GitHub - qaraqalpaq/TesseractOCR-API

Certainly! Below is a README.md template that documents the API of your Flask application. This documentation includes descriptions of the API endpoints, their expected inputs, and the outputs.

Video Instruction:

# Tesseract OCR Flask API Documentation

This document provides detailed information about the API endpoints of the Flask application designed for OCR (Optical Character Recognition) using Tesseract.



## API Endpoints

### 1. Get Supported Languages

- **Endpoint:** `/languages`
- **Method:** `GET`
- **Description:** Returns a list of languages supported by the OCR service.
- **Response:**
  - **200 OK:** JSON containing the supported languages and their details.
  - **404 Not Found:** Error message if the `languages.json` file is not found.
  - **500 Internal Server Error:** Error message for any other internal errors.

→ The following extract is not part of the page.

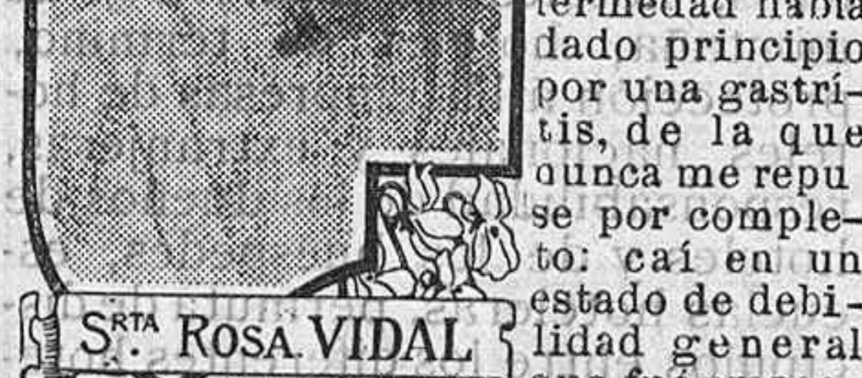
LA SEÑORITA ROSA VIDAL.

Se hallan de venta en todas las far- macias al precio de 4 pesetas la caja, 21 pesetas las seis cajas.

### 2. Upload File for OCR

- **Endpoint:** `/upload`
- **Method:** `POST`
- **Description:** Uploads a file (PDF or image) for OCR processing.
- **Input:**
  - Form-data with:
    - `file`: The file to be processed.
    - `language` (optional): Language code for OCR (default is 'eng').
- **Response:**
  - **202 Accepted:** JSON containing the task ID and file UUID upon successful receipt of the file.
  - **400 Bad Request:** Error message if no file is provided or if the file is invalid.
  - **500 Internal Server Error:** Error message for any processing errors.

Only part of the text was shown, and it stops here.